Here, we describe a new method, the GeneSV approach, which helps characterize real or theoretically possible variations in genomic and protein sequences. To assess viability of possible mutations, our system combines information from all 3 types of data: genomic sequences, protein sequences, and protein structures. Homology searches and final sequence alignments are calculated using PSI-BLAST and Smith-Waterman algorithms,19 respectively. Constructed structural models are used to refine identification of structural homologs and to distinguish structurally-conserved from structurally-variable regions in homologous proteins. The final scoring system, a measure of confidence that the point mutations under consideration will define a viable or non-viable virus, is a combination of scores that are based on both identified sequence and structure features. The performance of the GeneSV system was demonstrated by predicting the viability of dengue virus type 2 (DENV-2) mutants that, at the time of performing the predictions and validation experiments, had not yet been reported in GenBank or ENA. Using results from the biological experiments, we evaluated the accuracy of created predictions and compared the GeneSV results with predictions made by other methods including SIFT and PROVEAN. A selection of mutation positions for this study (10 codons and 37 mutants) was made in order to test the accuracy of GeneSV and other prediction systems when the confidence level in generated predictions for such positions could be low. For this, we focused on positions and protein regions that were outside of known active sites and chose amino acid substitutions that have not been seen in available sequence databases. All selections and computational predictions were made prior to any experimental validation. Details of performed selections and predictions are described in the Materials and Methods section (see “Selection of position mutations for the GeneSV characterization and experimental validation.”)
Materials and Methods
1. Description of the GeneSV approach
In its approach to help characterize possible variations in genomic and protein sequences within a species, the GeneSV system uses a known sequence space for a given genome (where a genome can be defined as broadly as a complete genome or as narrowly as a single gene) in combination with sequence and structural analyses performed at the protein level. The reported results can be used to infer the probability of existence of novel mutations (new sequence variants) that result in a viable protein or organism (eg, a virus.) GeneSV evaluates the probability of selected mutation(s) first by analyzing its (their) frequency (frequencies) as observed in the genomic sequence databases. The evaluation is further refined using results from automated protein sequence homology searches, protein structure modeling and structure similarity analyses, an assessment of functional features assigned to the specific regions in genes or a genome, and the calculated theoretical probability of codon mutations.
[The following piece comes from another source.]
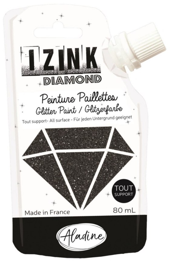 Czarna farba brokatowa. Nadaje się do użycia na każdym rodzaju powierzchni, takich jak drewno, beton, papier, tkaniny, plastik, metal itp. Efekt dekoracyjny jest bardzo wyrazisty dzięki koncentracji brokatu i transparentnej bazie farby. Idealna do spersonalizowania ozdób mieszkania lub ubrań. Można nią malować pędzlem lub nakładać przez szablon. Tubka z miękkiego tworzywa sztucznego nadaje się do recyklingu i pozwala na wykorzystanie farby do ostatniej kropli. Przy ozdabianiu tkanin należy zostawić farbę do wyschnięcia, a następnie utrwalić ją termicznie żelazkiem (ustawionym na temperaturę dostosowaną do rodzaju tkaniny) prasując po lewej stronie (albo przez papier do pieczenia lub cienką ściereczkę) przez 5 minut bez użycia pary. Na butach z tkaniny farbę utrwalić można suszarką do włosów ustawioną na wysoką temperaturę. Po utrwaleniu tkaniny można prać w temperaturze 40 °C. Nieodpowiednie dla dzieci w wieku poniżej 36 miesięcy. Pojemność 80 ml. Made in France.

Analysis of observed nucleotide and codon frequencies and theoretical probability of codon mutation. For a given base and codon in a genomic sequence (eg, RefSeq – reference genomic sequence for a given organism) an analysis of the observed frequencies is performed using calculated alignments with all genomic sequences from available databases (eg, ENA or GenBank). From this analysis, we construct the codon frequency matrix and the base position frequency matrix, which represent the numbers of occurrence of each of the 64 codons and of the 4 bases at each position in the genome sequence. In addition to the analysis of observed codons, we also estimate the likelihood that a given codon can be constructed from the calculated base position frequency matrix. Further assessment of possible position changes includes the analysis of the theoretical probability of codon mutations, eg, the number of transitions or transversions (see subsections below).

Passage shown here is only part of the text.